* _WORK REQUEST_: Within the records that follow, restate exactly the lines from the line with "935 - حَدَّثَنَا" down to the line with "5. [시청 예약] 창이 팝업되면 [확인] 선택", including both. Omit the pictures.

"""

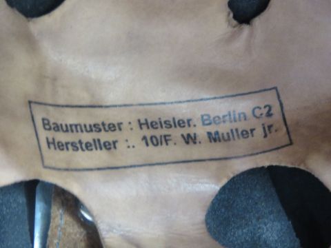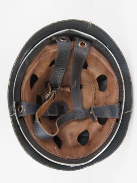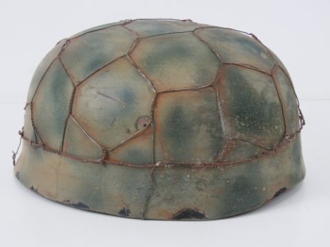 A reproduction WWII German Fallshirmjager (paratrooper) helmet with 'chicken wire' and leather liner.
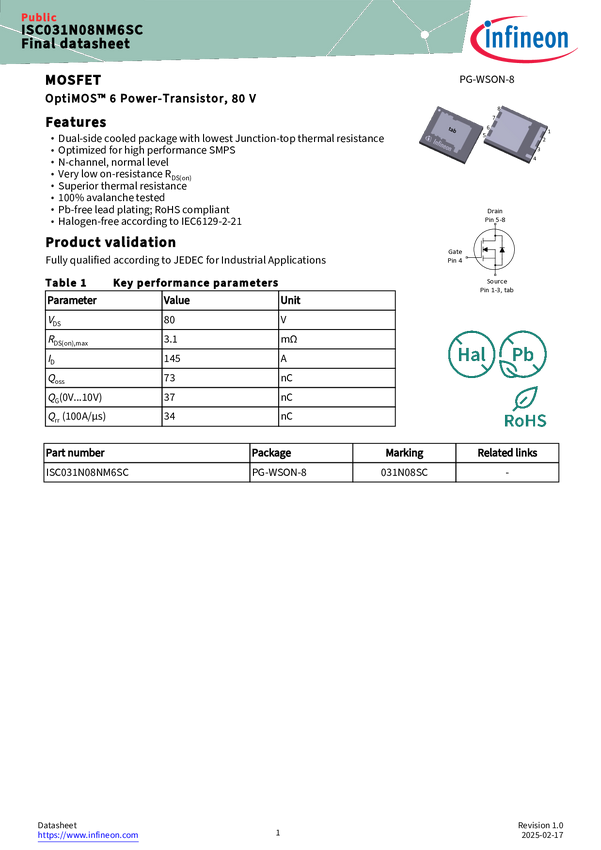 OptiMOS™ 6 n-channel power MOSFET 80 V in PQFN 3.3x3.3 Source Down Center Gate Dual-Side Cooling OptiMOS™ 6 80 V - the latest power MOSFET technology offering industry benchmark performance. Compared to its predecessor, OptiMOS™ 5, Infineon's latest wafer technology offers significant performance improvement resulting to higher system efficiency and power density.
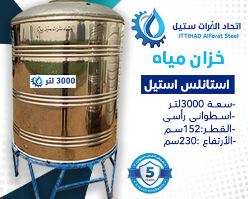 خزان مياه استانلس استيل سعة 3000لتر اسطوانى رأسى
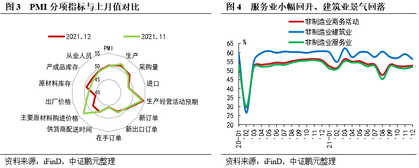 2021年,PMI整體表現(xiàn)較為低迷,指數(shù)上半年好于下半年,最高點(diǎn)是3月份,PMI指數(shù)為51.9%;二季度開始保持下滑趨勢;三季度下行壓力大,其中9月和10月PMI低于50%,處于收縮區(qū)間;隨著保供穩(wěn)價(jià)政策效果顯現(xiàn),四季度逐漸重回?cái)U(kuò)張區(qū)間。12月,PMI指數(shù)錄得50.3%,連續(xù)第二個(gè)月穩(wěn)定在擴(kuò)張區(qū)間。
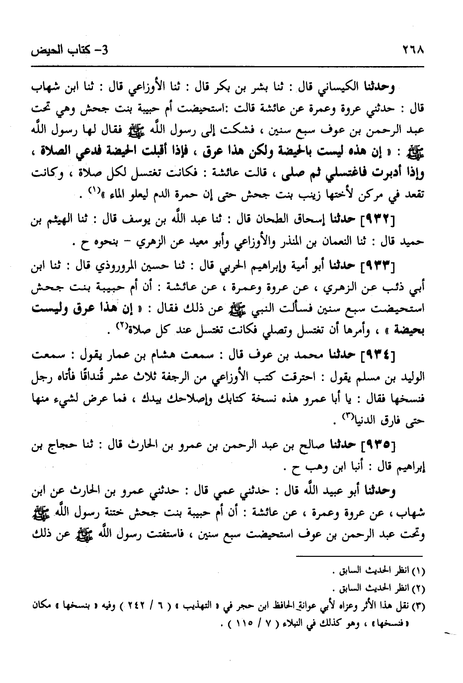 935 - حَدَّثَنَا صَالِحُ بْنُ عَبْدِ الرَّحْمَنِ بْنِ عَمْرِو بْنِ الْحَارِثِ قَالَ: ثَنَا حَجَّاجُ بْنُ إِبْرَاهِيمَ قَالَ: أنبا ابْنُ وَهْبٍ ح، وَحَدَّثَنَا أَبُو عُبَيْدِ اللَّهِ قَالَ: حَدَّثَنِي عَمِّي قَالَ: حَدَّثَنِي عَمْرُو بْنُ الْحَارِثِ، عَنِ ابْنِ شِهَابٍ، عَنْ عُرْوَةَ، وَعَمْرَةَ، عَنْ عَائِشَةَ، أَنَّ أُمَّ حَبِيبَةَ بِنْتَ جَحْشٍ خَتَنَةَ رَسُولِ اللَّهِ صَلَّى اللهُ عَلَيْهِ وَسَلَّمَ وَتَحْتَ عَبْدِ الرَّحْمَنِ بْنِ عَوْفٍ " اسْتُحِيضَتْ سَبْعَ سِنِينَ فَاسْتَفْتَتْ رَسُولَ اللَّهِ صَلَّى اللهُ عَلَيْهِ وَسَلَّمَ، عَنْ ذَلِكَ -[269]- فَقَالَ رَسُولُ اللَّهِ صَلَّى اللهُ عَلَيْهِ وَسَلَّمَ: «§إِنَّ هَذِهِ لَيْسَتْ بِالْحَيْضَةِ، وَلَكِنَّ هَذَا عِرْقٌ فَاغْتَسِلِي وَصَلِّي» قَالَتْ عَائِشَةُ: وَكَانَتْ تَغْتَسِلُ عِنْدَ كُلِّ صَلَاةٍ فِي مِرْكَنٍ فِي حُجْرَةِ أُخْتِهَا زَيْنَبَ بِنْتِ جَحْشٍ تَعْلُو حُمْرَةُ الدَّمِ الْمَاءَ
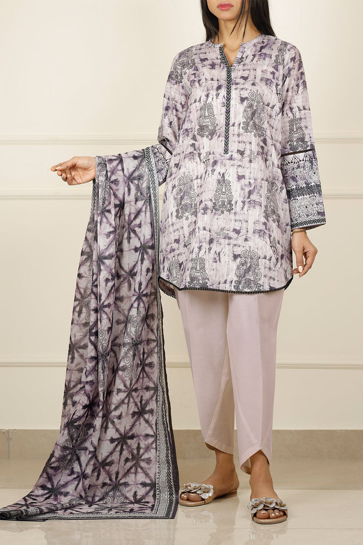 Infuse elegance into your wardrobe with this unstitched 3-piece lawn set from Saya. Featuring a digitally printed lawn shirt paired with a matching printed dupatta and dyed trouser, this ensemble blends comfort with vibrant style—perfect for daily wear or casual gatherings.
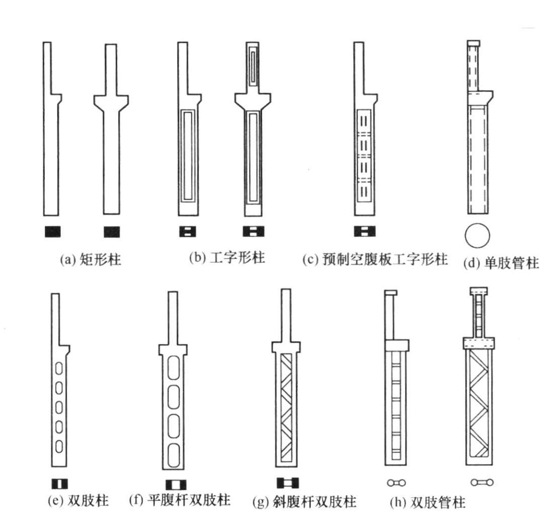 图2-36 单层工业厂房钢筋混凝土柱的类型
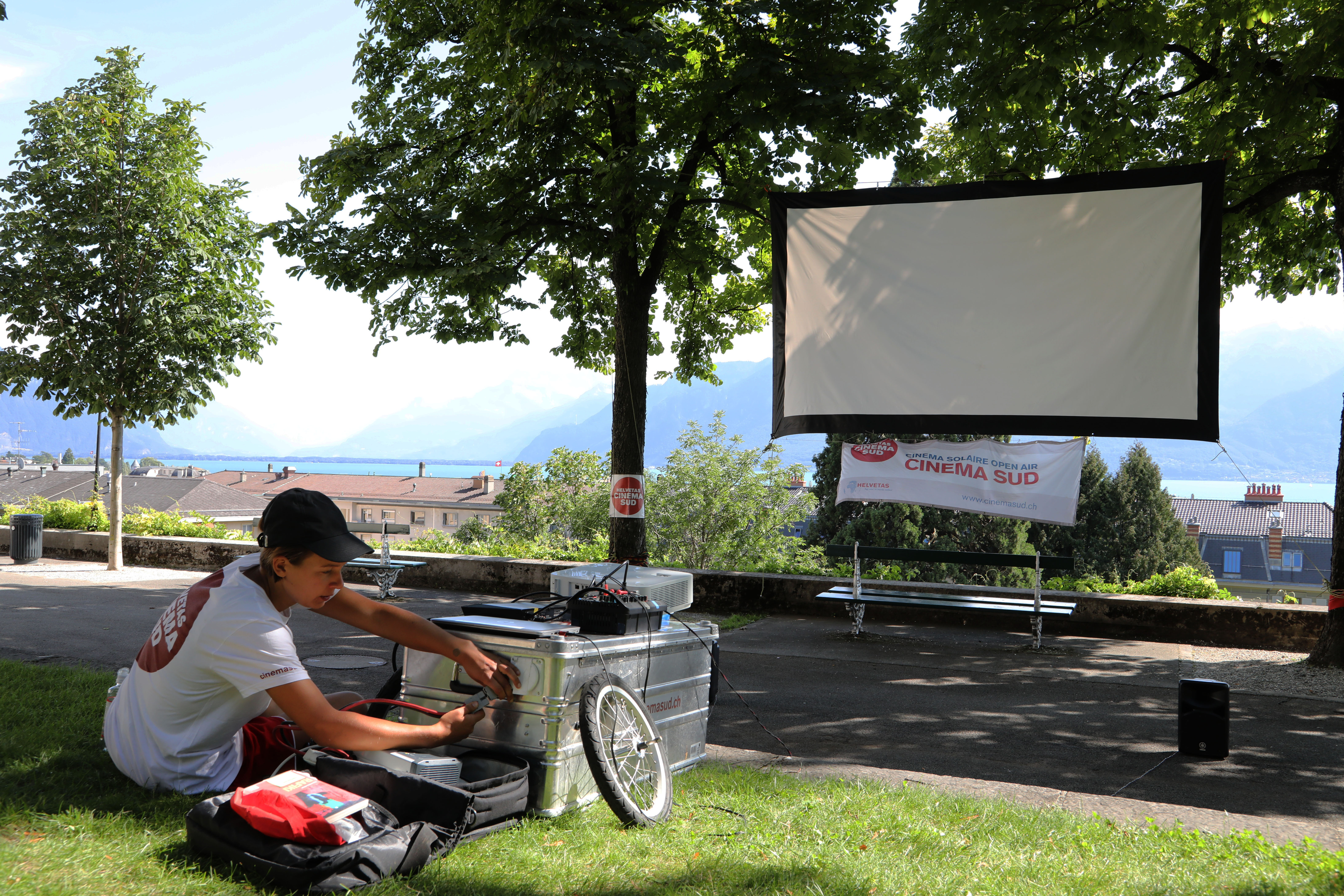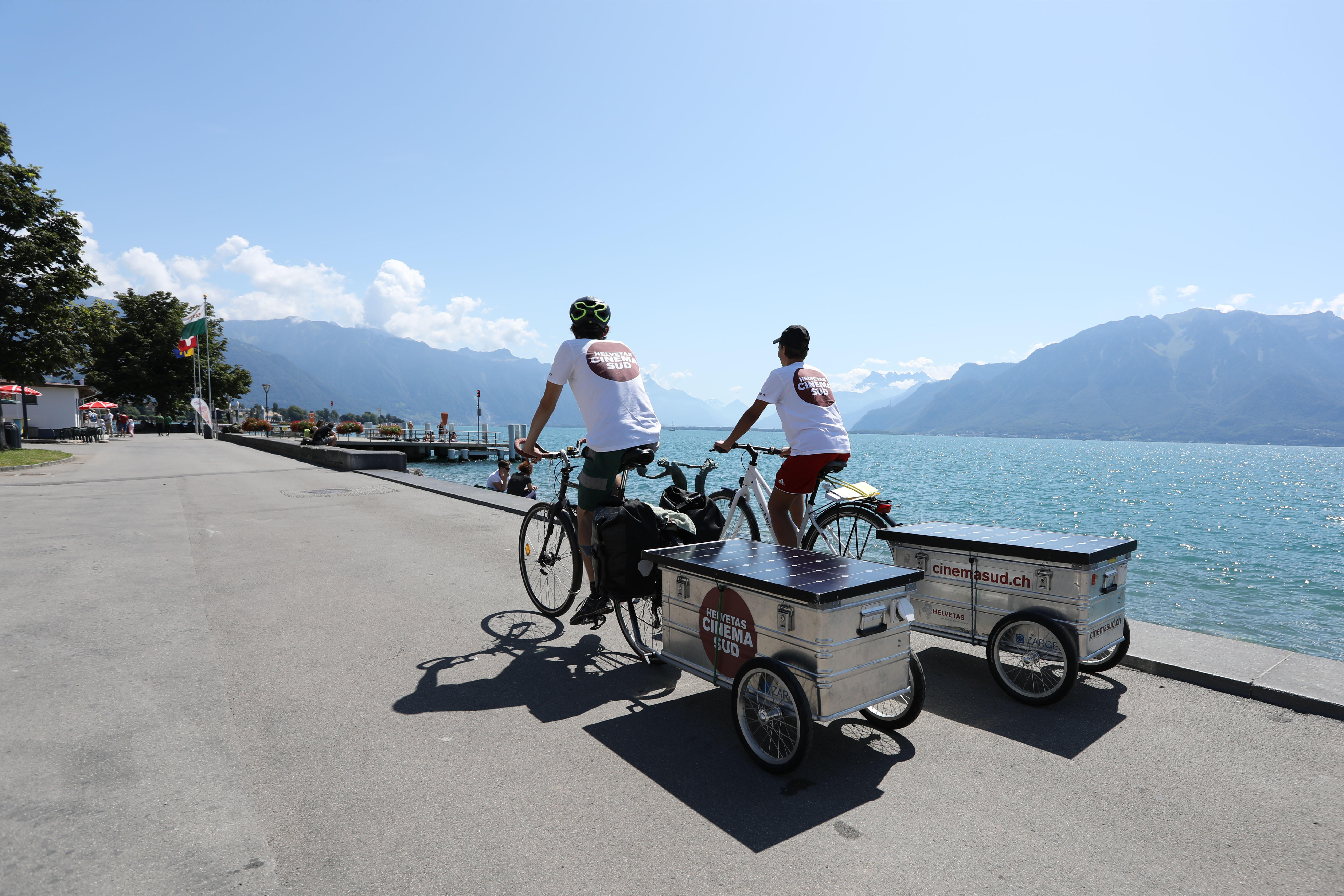 Le cinéma solaire, itinérant et solidaire d’Helvetas reprend du service cet été! Les cyclistes-projectionnistes du Cinéma Sud se rendront dans 20 villes romandes, du 1er juillet au 6 septembre 2021. Ils parcourront plus de 700 kilomètres à la seule force de leurs mollets pour proposer des projections écologiques au public romand. À la tombée de la nuit, ils projetteront – gratuitement et grâce à l’énergie solaire – des films en provenance de pays du Sud.
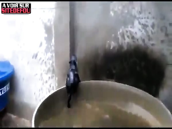 UN CHAT TENTE DE SAUTER SUR UN MUR ET RETOMBE INLASSABLEMENT DANS UN BAC D'EAU
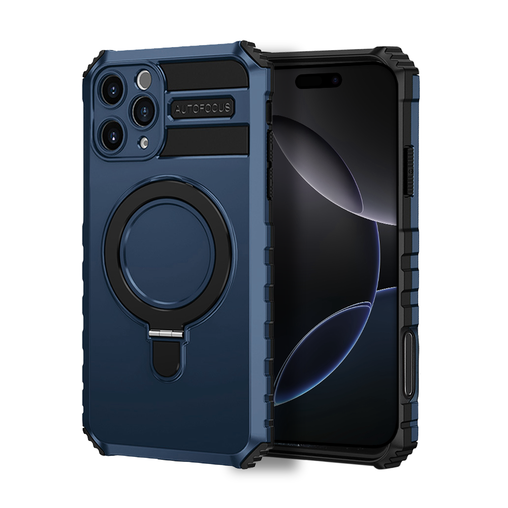 Etui do iPhone 16 Pro, pancerne, z osłoną aparatu i metalową podstawką MagSafe, granatowe
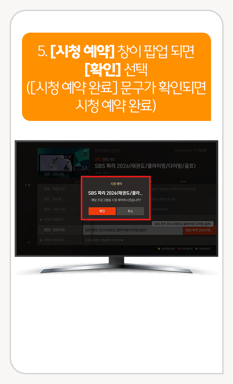5. [시청 예약] 창이 팝업되면 [확인] 선택
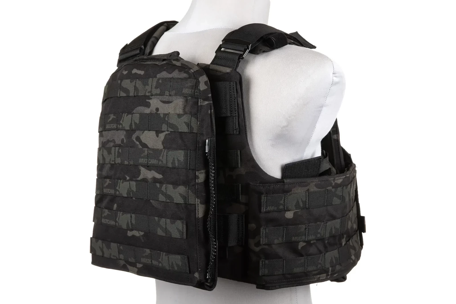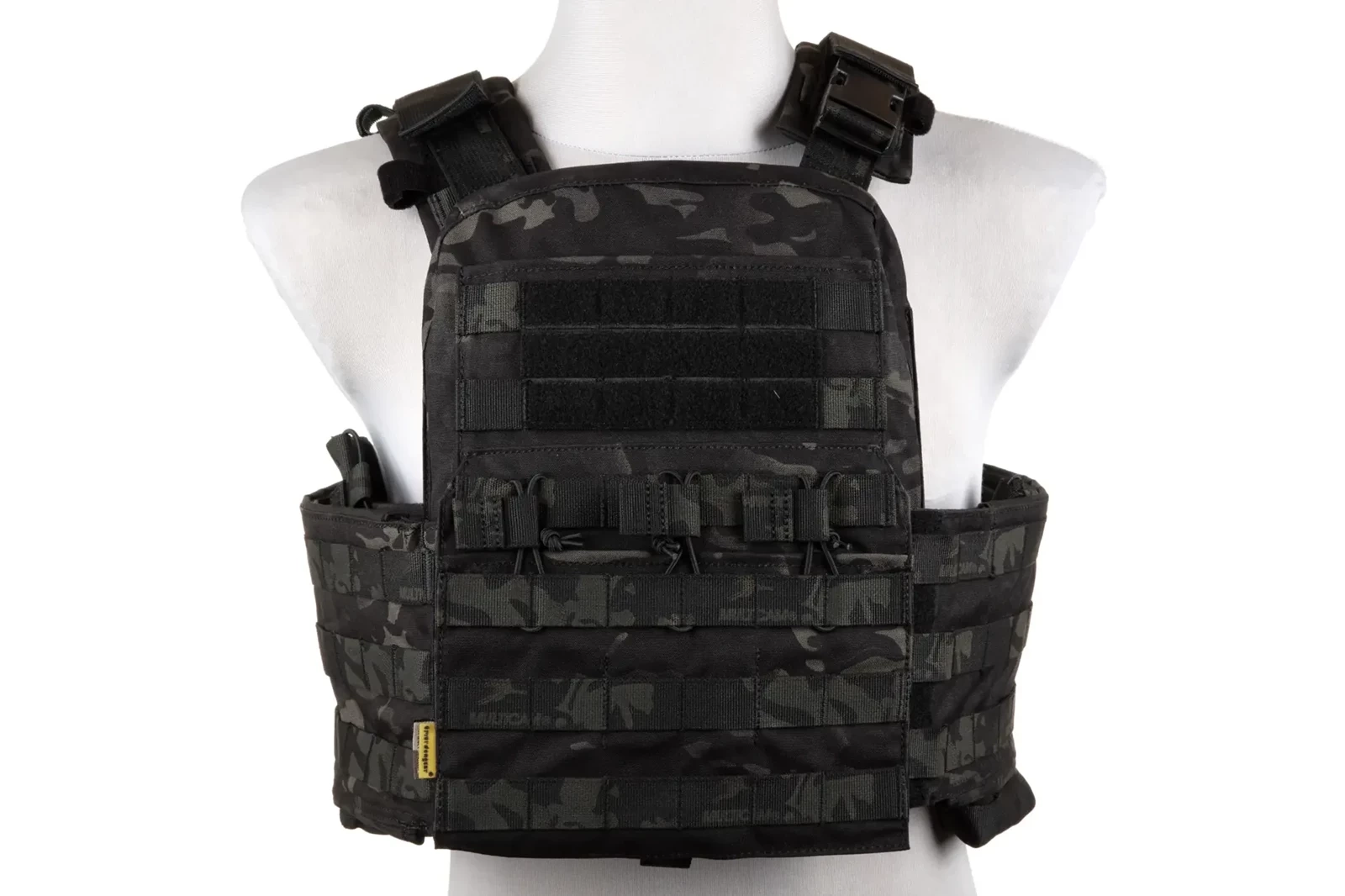 W przedni i tylnym panelu znajdziemy miejsce dla atrap płyty typu SAPI w rozmiarze M. Są one w całości pokryte taśmami zgodnymi z systemem Molle/PALS. W klapie przedniego panelu znajdziemy miejsce na 3 magazynki AR/AK, zabezpieczone dodatkowo linka typu shockcord. Natomiast z tyłu znajdziemy suwaki dla paneli szturmowych czy plecaków. Również na obu panelach możemy znaleźć rzep do przymocowania naszywek czy innych akcesoriów.
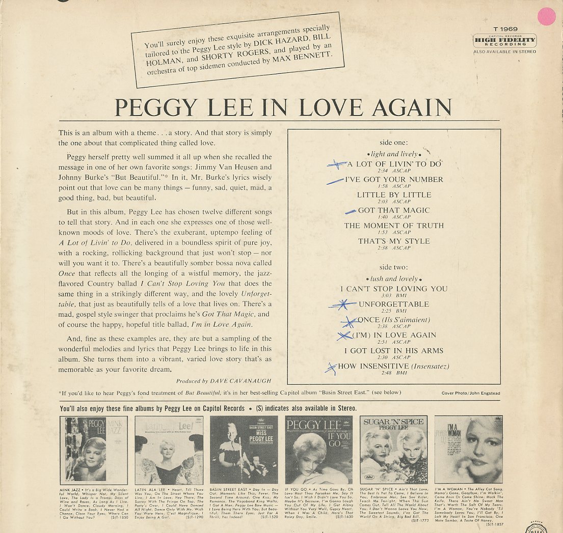 Discographie von Peggy Lee![]() Capitol T 1969 Peggy Lee In Love Again Review der Schallplatte (extern) Eintrag bei DISCOGS (extern) US 1964, LP, Easy Listening Aufnahme: Mono Zustand: vg+ bis m- / vg+. (Rücks. Titel markiert) mit A Lot Of Livin To Do, I Cant Stop Loving You u.a. Preis in Euro: 6,00 € Verfügbarkeitsanfrage | ![]() Coveransicht: Peggy Lee - In Love Again ![]()

"""

* _COMPLETED EXERCISE_:
 935 - حَدَّثَنَا صَالِحُ بْنُ عَبْدِ الرَّحْمَنِ بْنِ عَمْرِو بْنِ الْحَارِثِ قَالَ: ثَنَا حَجَّاجُ بْنُ إِبْرَاهِيمَ قَالَ: أنبا ابْنُ وَهْبٍ ح، وَحَدَّثَنَا أَبُو عُبَيْدِ اللَّهِ قَالَ: حَدَّثَنِي عَمِّي قَالَ: حَدَّثَنِي عَمْرُو بْنُ الْحَارِثِ، عَنِ ابْنِ شِهَابٍ، عَنْ عُرْوَةَ، وَعَمْرَةَ، عَنْ عَائِشَةَ، أَنَّ أُمَّ حَبِيبَةَ بِنْتَ جَحْشٍ خَتَنَةَ رَسُولِ اللَّهِ صَلَّى اللهُ عَلَيْهِ وَسَلَّمَ وَتَحْتَ عَبْدِ الرَّحْمَنِ بْنِ عَوْفٍ " اسْتُحِيضَتْ سَبْعَ سِنِينَ فَاسْتَفْتَتْ رَسُولَ اللَّهِ صَلَّى اللهُ عَلَيْهِ وَسَلَّمَ، عَنْ ذَلِكَ -[269]- فَقَالَ رَسُولُ اللَّهِ صَلَّى اللهُ عَلَيْهِ وَسَلَّمَ: «§إِنَّ هَذِهِ لَيْسَتْ بِالْحَيْضَةِ، وَلَكِنَّ هَذَا عِرْقٌ فَاغْتَسِلِي وَصَلِّي» قَالَتْ عَائِشَةُ: وَكَانَتْ تَغْتَسِلُ عِنْدَ كُلِّ صَلَاةٍ فِي مِرْكَنٍ فِي حُجْرَةِ أُخْتِهَا زَيْنَبَ بِنْتِ جَحْشٍ تَعْلُو حُمْرَةُ الدَّمِ الْمَاءَ
 Infuse elegance into your wardrobe with this unstitched 3-piece lawn set from Saya. Featuring a digitally printed lawn shirt paired with a matching printed dupatta and dyed trouser, this ensemble blends comfort with vibrant style—perfect for daily wear or casual gatherings.
 图2-36 单层工业厂房钢筋混凝土柱的类型
 Le cinéma solaire, itinérant et solidaire d’Helvetas reprend du service cet été! Les cyclistes-projectionnistes du Cinéma Sud se rendront dans 20 villes romandes, du 1er juillet au 6 septembre 2021. Ils parcourront plus de 700 kilomètres à la seule force de leurs mollets pour proposer des projections écologiques au public romand. À la tombée de la nuit, ils projetteront – gratuitement et grâce à l’énergie solaire – des films en provenance de pays du Sud.
 UN CHAT TENTE DE SAUTER SUR UN MUR ET RETOMBE INLASSABLEMENT DANS UN BAC D'EAU
 Etui do iPhone 16 Pro, pancerne, z osłoną aparatu i metalową podstawką MagSafe, granatowe
5. [시청 예약] 창이 팝업되면 [확인] 선택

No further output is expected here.